Saturday, August 18, 2012

'BULLET IN THE FACE'

Ok ....... is it the most violent 30 minutes of comedy on the TV ?

Well, it's up there with shows like 'Death Valley' and 'Eagleheart'.

The violence is certainly there — blood sprays liberally, and the premise of the show is built around a man shot in the face on two different occasions — but that violence is so cartoonish as to almost be benign. There’s nothing ghastly or intense about the bloodshed, and there is so little investment in any of the characters that their eventual bullet-riddled bodies affect no emotion.

That’s not to say that Bullet in the Face is not without some fun. It can be ridiculous, and ridiculously fun (especially when Eddie Izzard is onscreen).

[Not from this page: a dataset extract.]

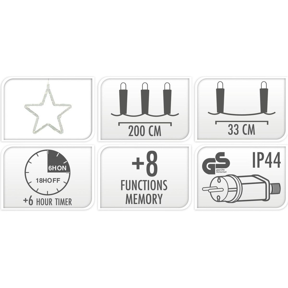 Dzięki 5-metrowemu przewodowi i zintegrowanemu timerowi 6/18, kurtyna świeci wtedy, kiedy chcesz – bez potrzeby codziennego włączania. Wystarczy raz ustawić, by cieszyć się światłem przez cały sezon.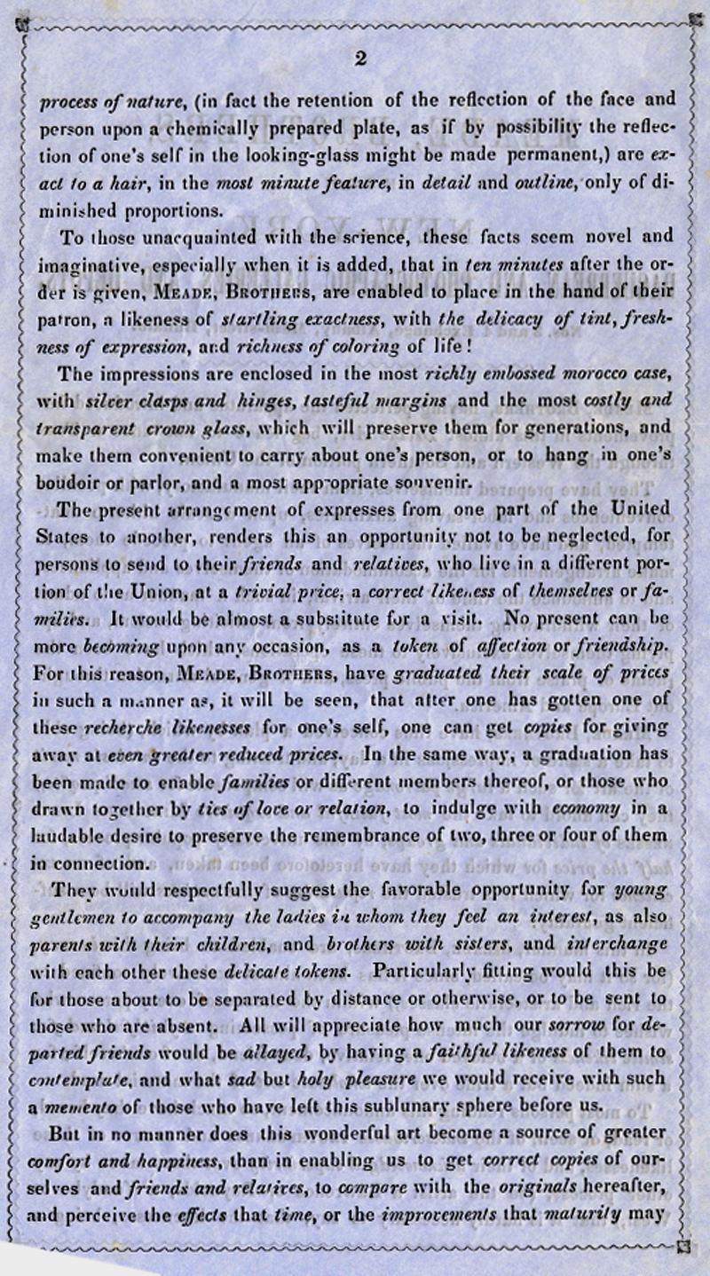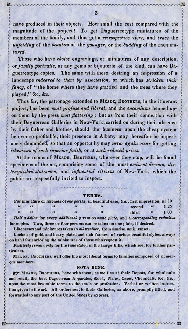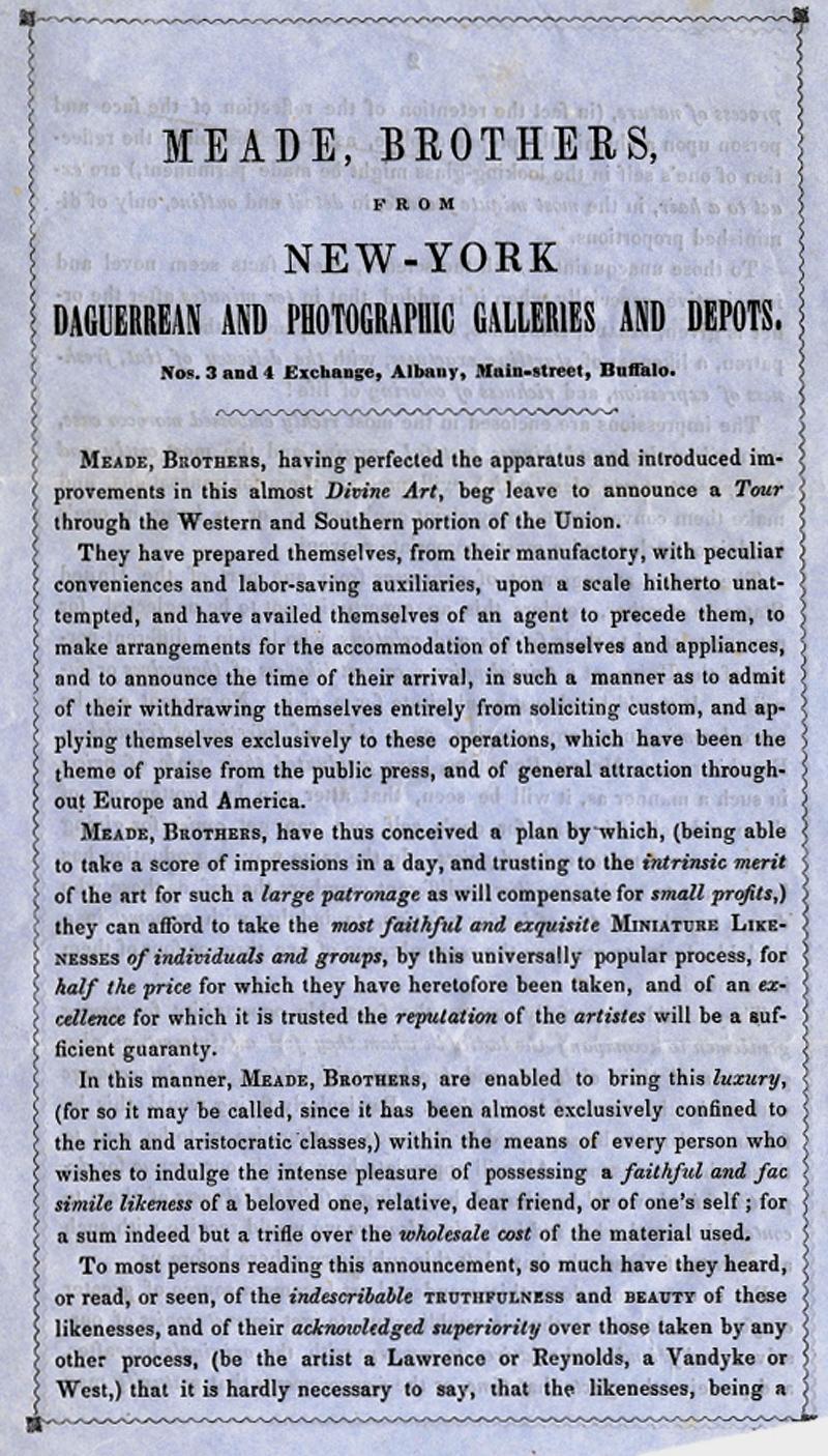Locating broadsides from the Daguerreian era is particularly fascinating given you can learn so much about how the business operated as well as what the "artists" themselves thought was important to emphasize to its customers. Having a multi-paged advertising piece is even more impressive and enlightening. The New York Public Library possesses just such a piece from the well known Meade Brothers.

It was announced that the series would be condensed, changed from a six-part weekly series into a two-night event, seemingly meant to sweep the series under the rug without actually having to kill a series that’d already been produced and filmed.



The show stars Max Williams as Gunter Vogler, the muscle for Heinrich Tannhauser (Eddie Izzard), a crime lord engaged in a mob war with the head of another crime family (Eric Roberts). Tannhauser, however, discovers that his wife is sleeping with another man and asks that Gunter kill her. The rub, however, is that the other man is Gunter, and before Gunter can take out Tannhauser’s wife/his mistress — who is pregnant with Gunter’s child — she shoots him in face.

Gunter wakes up three months later only to discover that, after a transplant, he now has the face of a cop that he had shot before he had himself been shot in the face. The police department had given him a transplant in an effort to use him to get inside the Tannhauser syndicate and take it down from the inside. Gunter, who knows nothing but violence, is hesitant to agree (“I will not live my life with some other face I do not recognize. I am not Mickey Rourke.”), but ultimately does so after discovering that his old boss and his mistress both want him dead.

The exaggerated nature of the show, the bad German accents, and the over-the-top violence aside, the opening episode is a strong one, intentionally bad-funny. It’s when the show escapes from the series arc and devolves into an absurd case-of-the-week procedural that Bullet in the Face becomes wearying.

Still, it's nice to see Eddie Izzard back on the box.